----- AVAILABLE DATA -----
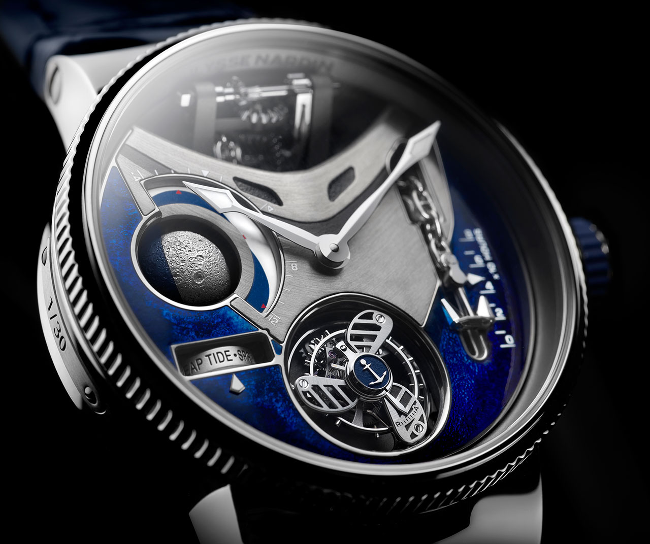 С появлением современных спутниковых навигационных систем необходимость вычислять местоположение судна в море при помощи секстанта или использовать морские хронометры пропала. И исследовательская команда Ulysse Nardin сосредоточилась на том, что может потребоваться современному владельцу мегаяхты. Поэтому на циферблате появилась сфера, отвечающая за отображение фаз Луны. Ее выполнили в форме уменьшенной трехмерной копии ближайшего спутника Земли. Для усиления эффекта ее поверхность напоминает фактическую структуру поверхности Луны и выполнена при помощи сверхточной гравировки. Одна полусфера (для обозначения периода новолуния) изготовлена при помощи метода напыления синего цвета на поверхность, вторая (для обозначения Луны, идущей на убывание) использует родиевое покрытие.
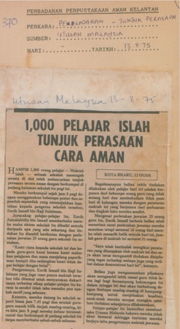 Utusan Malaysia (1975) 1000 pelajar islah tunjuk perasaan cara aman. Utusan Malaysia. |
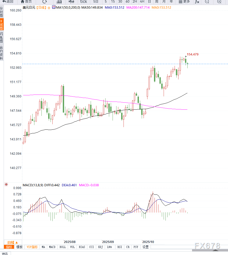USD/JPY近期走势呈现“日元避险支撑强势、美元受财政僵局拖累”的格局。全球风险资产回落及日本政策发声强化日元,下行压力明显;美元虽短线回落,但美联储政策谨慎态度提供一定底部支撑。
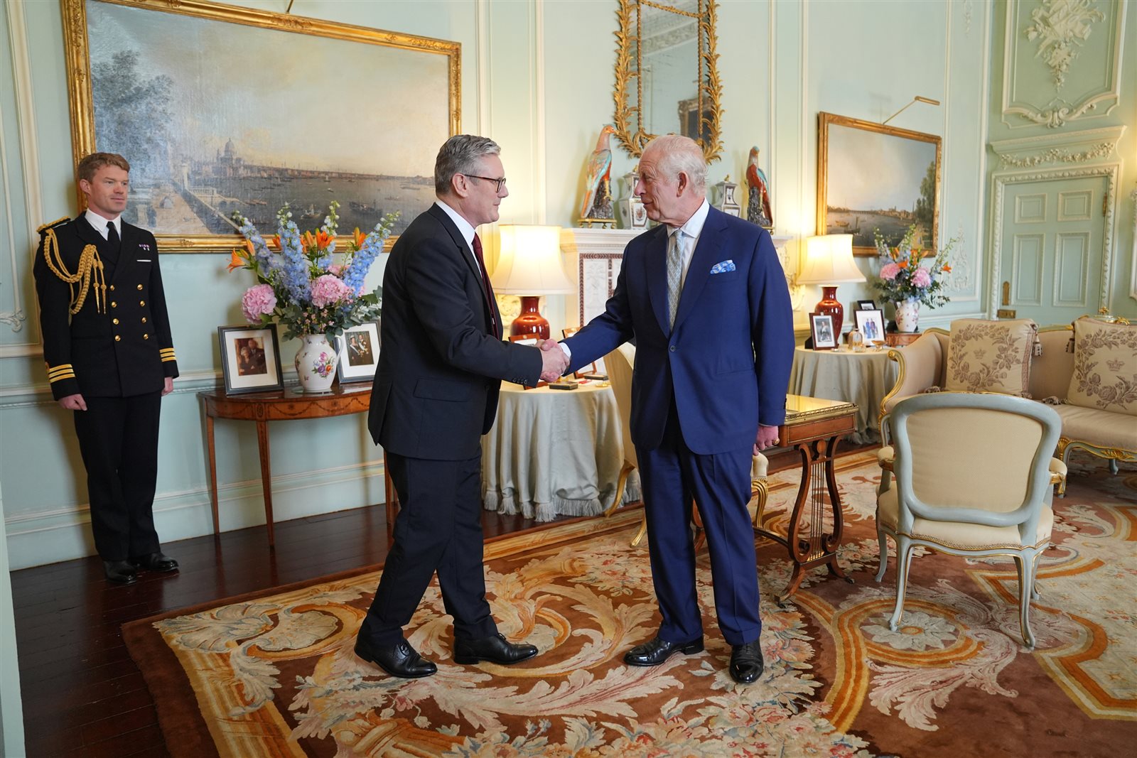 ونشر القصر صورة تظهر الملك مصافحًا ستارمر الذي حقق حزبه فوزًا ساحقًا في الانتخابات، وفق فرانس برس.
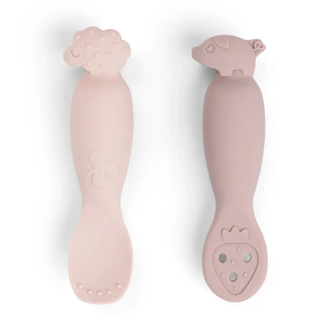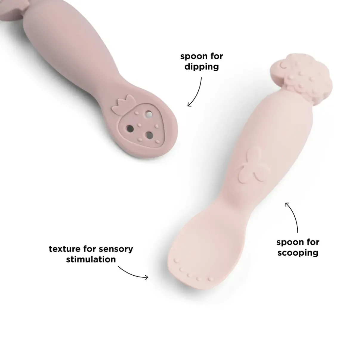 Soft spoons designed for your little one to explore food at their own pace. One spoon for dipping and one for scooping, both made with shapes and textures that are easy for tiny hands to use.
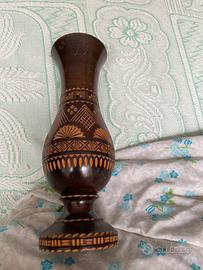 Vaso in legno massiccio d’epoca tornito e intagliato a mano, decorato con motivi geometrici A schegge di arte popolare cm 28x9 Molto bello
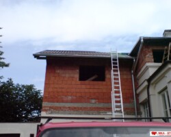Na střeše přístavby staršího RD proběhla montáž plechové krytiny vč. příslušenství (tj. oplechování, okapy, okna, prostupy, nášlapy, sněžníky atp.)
-----
----- AVAILABLE DATA -----
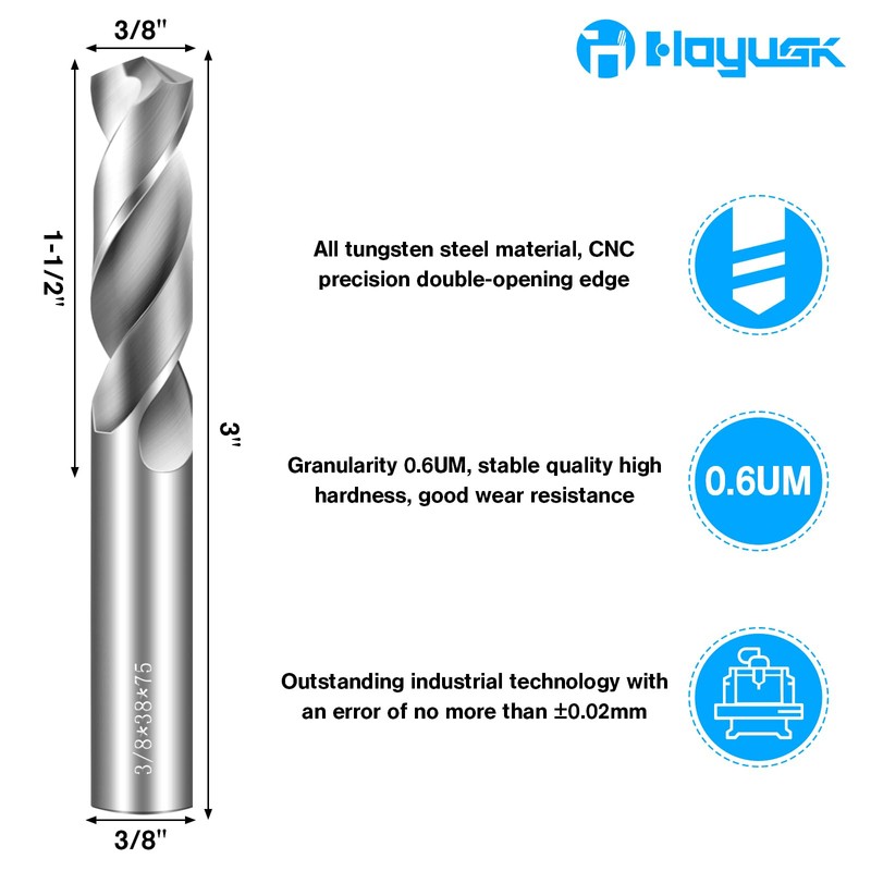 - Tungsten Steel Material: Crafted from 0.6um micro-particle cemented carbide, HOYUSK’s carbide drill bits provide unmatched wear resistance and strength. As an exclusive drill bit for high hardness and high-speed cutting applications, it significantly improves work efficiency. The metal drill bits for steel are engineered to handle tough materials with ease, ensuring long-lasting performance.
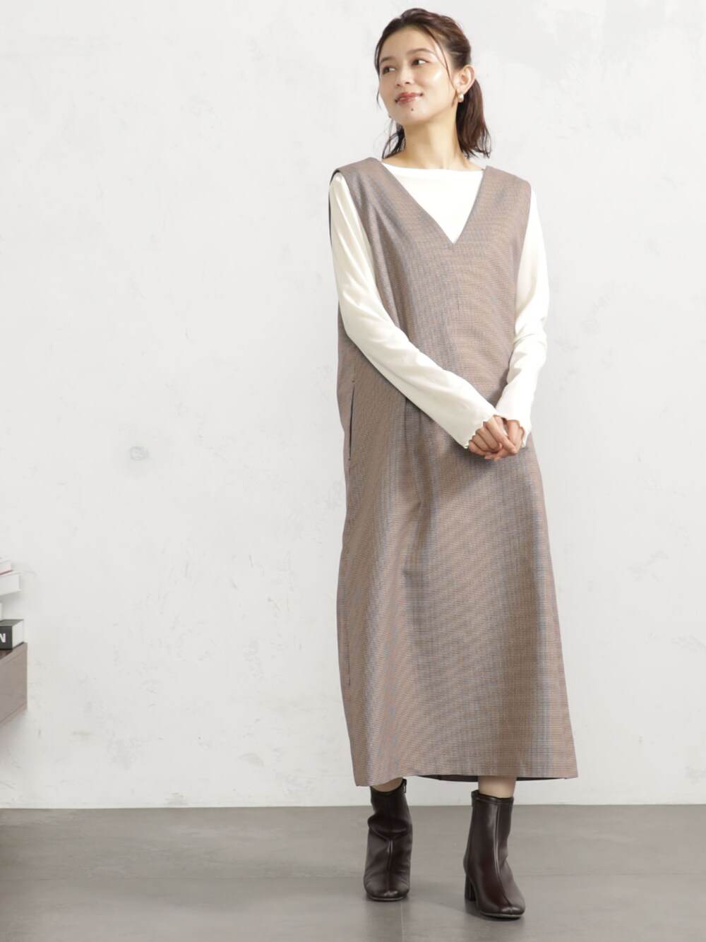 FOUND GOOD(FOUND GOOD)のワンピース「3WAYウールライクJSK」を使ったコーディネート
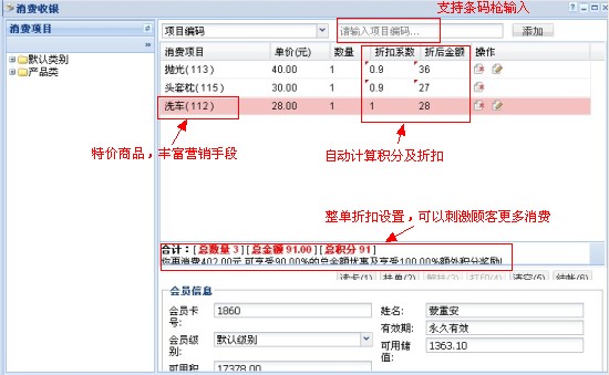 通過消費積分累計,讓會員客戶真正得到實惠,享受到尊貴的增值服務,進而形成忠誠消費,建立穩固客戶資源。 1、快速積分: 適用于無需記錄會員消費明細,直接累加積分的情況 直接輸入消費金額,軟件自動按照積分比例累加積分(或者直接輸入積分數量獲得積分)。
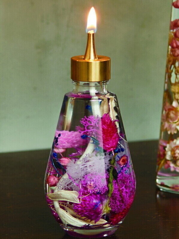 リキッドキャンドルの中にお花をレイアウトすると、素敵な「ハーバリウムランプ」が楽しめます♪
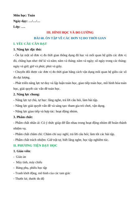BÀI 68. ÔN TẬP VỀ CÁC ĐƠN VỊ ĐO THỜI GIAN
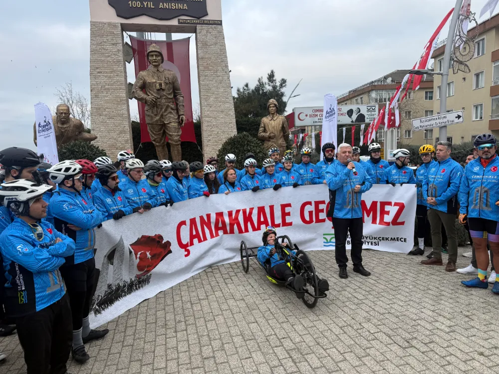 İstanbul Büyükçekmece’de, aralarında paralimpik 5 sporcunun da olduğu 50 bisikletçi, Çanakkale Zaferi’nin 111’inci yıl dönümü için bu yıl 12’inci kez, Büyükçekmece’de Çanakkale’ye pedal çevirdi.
-----
----- AVAILABLE DATA -----
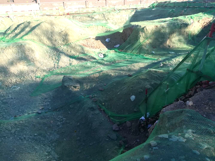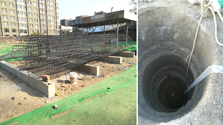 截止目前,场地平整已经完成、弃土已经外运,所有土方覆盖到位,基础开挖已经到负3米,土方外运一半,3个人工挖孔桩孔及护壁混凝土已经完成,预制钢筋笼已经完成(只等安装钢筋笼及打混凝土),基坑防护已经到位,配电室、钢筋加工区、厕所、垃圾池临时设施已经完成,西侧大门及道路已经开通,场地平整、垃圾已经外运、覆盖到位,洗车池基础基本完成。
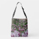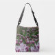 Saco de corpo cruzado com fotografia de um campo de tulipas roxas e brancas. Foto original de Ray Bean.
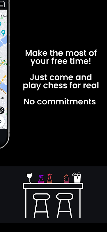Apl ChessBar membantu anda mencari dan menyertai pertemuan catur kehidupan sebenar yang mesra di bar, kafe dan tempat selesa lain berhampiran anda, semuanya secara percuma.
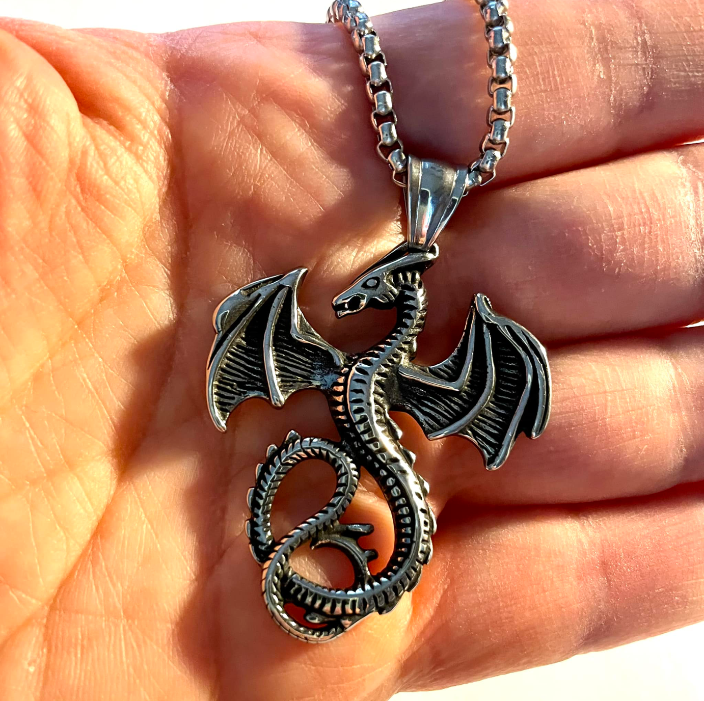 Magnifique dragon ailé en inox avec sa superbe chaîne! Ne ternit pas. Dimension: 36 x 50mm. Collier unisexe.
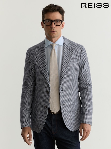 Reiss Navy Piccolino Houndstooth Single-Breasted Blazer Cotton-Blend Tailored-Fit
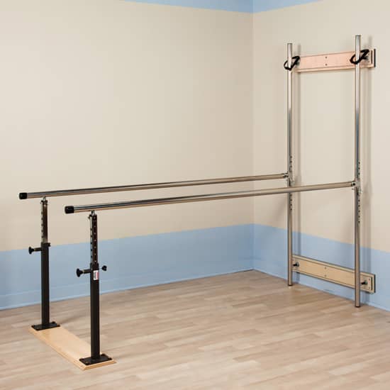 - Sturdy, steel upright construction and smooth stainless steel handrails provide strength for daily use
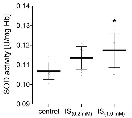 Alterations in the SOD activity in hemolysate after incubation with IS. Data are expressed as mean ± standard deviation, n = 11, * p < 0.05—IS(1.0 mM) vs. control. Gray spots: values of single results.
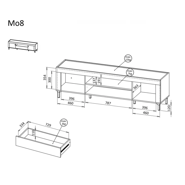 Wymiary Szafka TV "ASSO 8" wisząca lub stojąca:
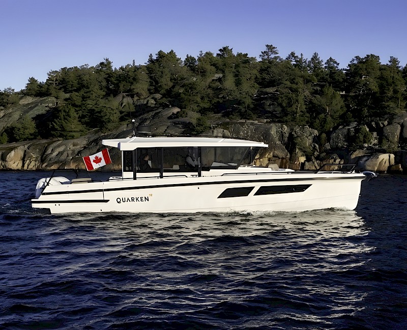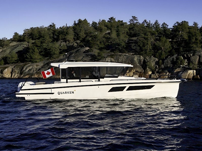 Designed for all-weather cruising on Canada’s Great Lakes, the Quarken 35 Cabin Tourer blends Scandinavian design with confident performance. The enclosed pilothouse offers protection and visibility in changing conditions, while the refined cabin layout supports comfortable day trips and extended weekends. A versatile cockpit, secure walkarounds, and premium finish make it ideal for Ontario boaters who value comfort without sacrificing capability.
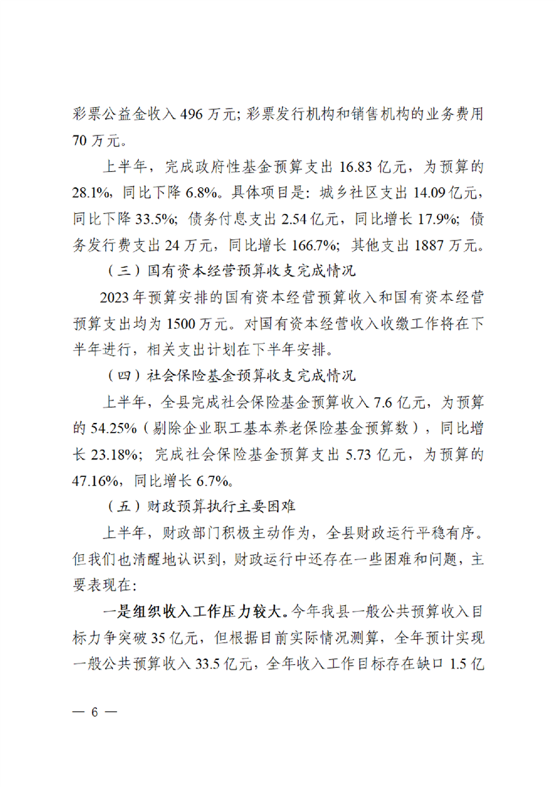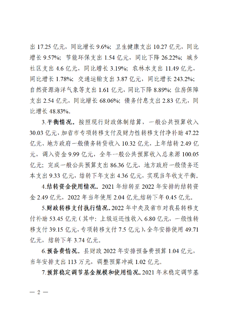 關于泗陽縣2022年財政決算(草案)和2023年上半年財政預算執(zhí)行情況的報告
-----
## ACTIVITY:
Range to copy from the records above: the line containing "С появлением современных" to the line containing "Na střeše přístavby", both included. Output those lines exactly and only those, skipping pictures.

## SOLVED EXERCISE:
 С появлением современных спутниковых навигационных систем необходимость вычислять местоположение судна в море при помощи секстанта или использовать морские хронометры пропала. И исследовательская команда Ulysse Nardin сосредоточилась на том, что может потребоваться современному владельцу мегаяхты. Поэтому на циферблате появилась сфера, отвечающая за отображение фаз Луны. Ее выполнили в форме уменьшенной трехмерной копии ближайшего спутника Земли. Для усиления эффекта ее поверхность напоминает фактическую структуру поверхности Луны и выполнена при помощи сверхточной гравировки. Одна полусфера (для обозначения периода новолуния) изготовлена при помощи метода напыления синего цвета на поверхность, вторая (для обозначения Луны, идущей на убывание) использует родиевое покрытие.
 Utusan Malaysia (1975) 1000 pelajar islah tunjuk perasaan cara aman. Utusan Malaysia. |
USD/JPY近期走势呈现“日元避险支撑强势、美元受财政僵局拖累”的格局。全球风险资产回落及日本政策发声强化日元,下行压力明显;美元虽短线回落,但美联储政策谨慎态度提供一定底部支撑。
 ونشر القصر صورة تظهر الملك مصافحًا ستارمر الذي حقق حزبه فوزًا ساحقًا في الانتخابات، وفق فرانس برس.
 Soft spoons designed for your little one to explore food at their own pace. One spoon for dipping and one for scooping, both made with shapes and textures that are easy for tiny hands to use.
 Vaso in legno massiccio d’epoca tornito e intagliato a mano, decorato con motivi geometrici A schegge di arte popolare cm 28x9 Molto bello
Na střeše přístavby staršího RD proběhla montáž plechové krytiny vč. příslušenství (tj. oplechování, okapy, okna, prostupy, nášlapy, sněžníky atp.)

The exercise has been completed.